Information shown ▸
_ _ _ _ _ _ _

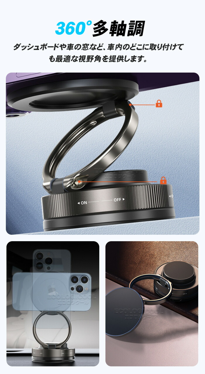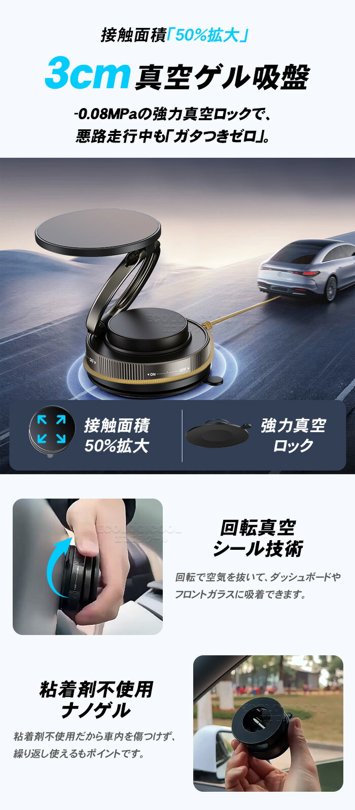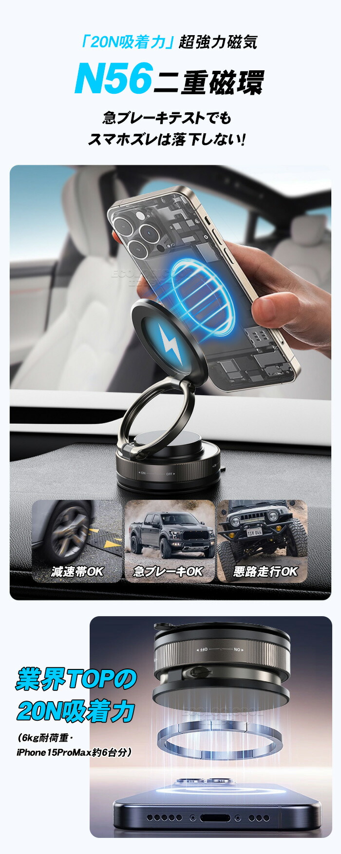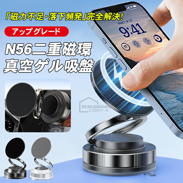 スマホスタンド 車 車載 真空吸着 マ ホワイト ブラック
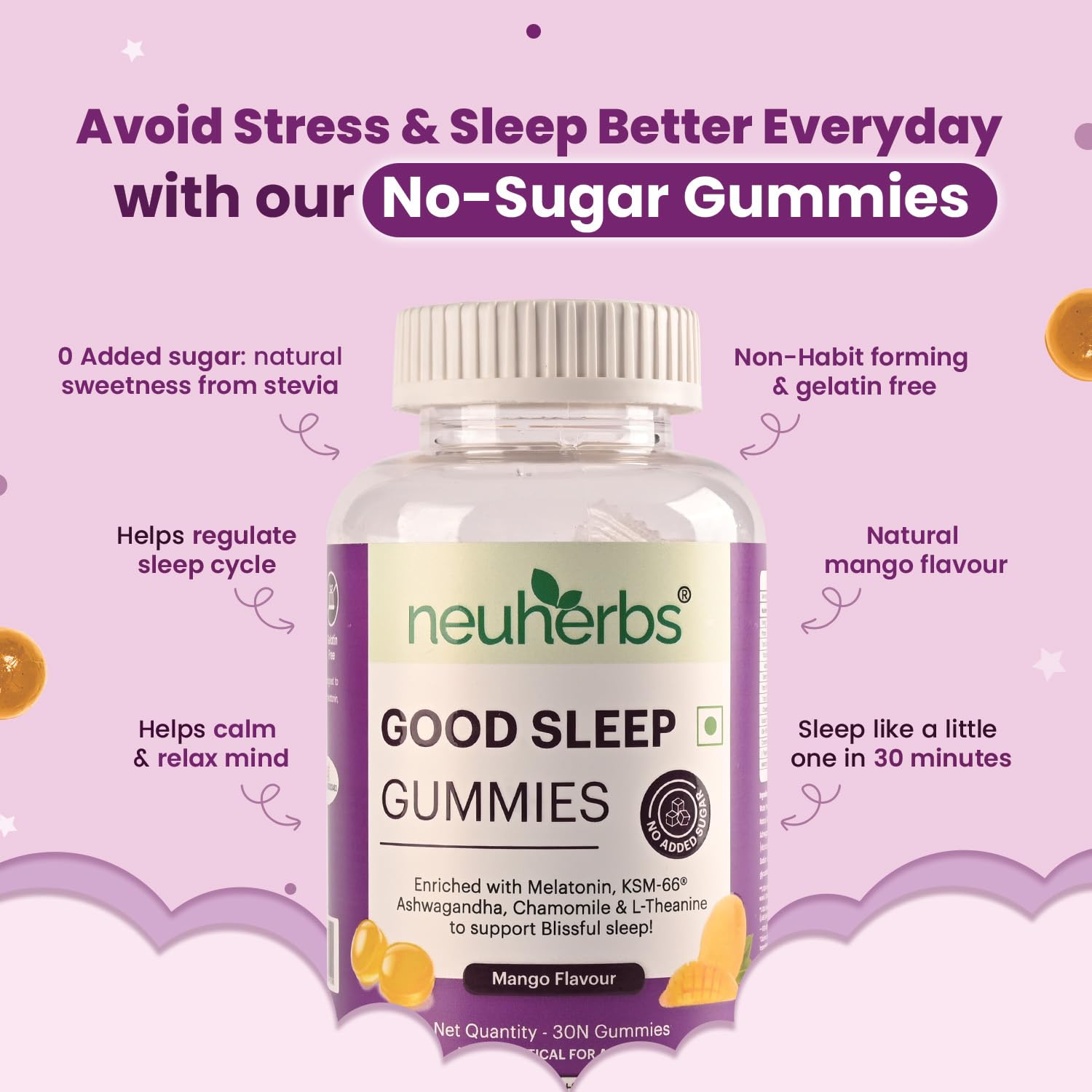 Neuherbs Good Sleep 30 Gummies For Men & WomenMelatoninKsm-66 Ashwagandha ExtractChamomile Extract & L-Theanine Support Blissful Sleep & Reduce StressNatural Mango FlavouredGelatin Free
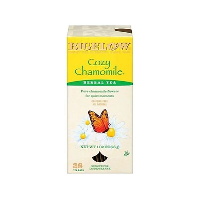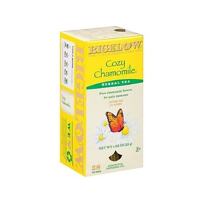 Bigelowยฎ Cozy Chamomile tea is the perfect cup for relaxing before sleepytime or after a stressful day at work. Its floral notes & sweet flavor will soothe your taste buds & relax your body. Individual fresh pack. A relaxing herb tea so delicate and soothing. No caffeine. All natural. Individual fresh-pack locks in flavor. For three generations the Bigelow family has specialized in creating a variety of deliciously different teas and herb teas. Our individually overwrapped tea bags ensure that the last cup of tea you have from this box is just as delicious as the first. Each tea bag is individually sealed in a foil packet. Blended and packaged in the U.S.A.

_ _ _ _ _ _ _

Directions for this task ▸
An exact copy of all the data above is required; omit any pictures.

Result below ▸
 スマホスタンド 車 車載 真空吸着 マ ホワイト ブラック
 Neuherbs Good Sleep 30 Gummies For Men & WomenMelatoninKsm-66 Ashwagandha ExtractChamomile Extract & L-Theanine Support Blissful Sleep & Reduce StressNatural Mango FlavouredGelatin Free
 Bigelowยฎ Cozy Chamomile tea is the perfect cup for relaxing before sleepytime or after a stressful day at work. Its floral notes & sweet flavor will soothe your taste buds & relax your body. Individual fresh pack. A relaxing herb tea so delicate and soothing. No caffeine. All natural. Individual fresh-pack locks in flavor. For three generations the Bigelow family has specialized in creating a variety of deliciously different teas and herb teas. Our individually overwrapped tea bags ensure that the last cup of tea you have from this box is just as delicious as the first. Each tea bag is individually sealed in a foil packet. Blended and packaged in the U.S.A.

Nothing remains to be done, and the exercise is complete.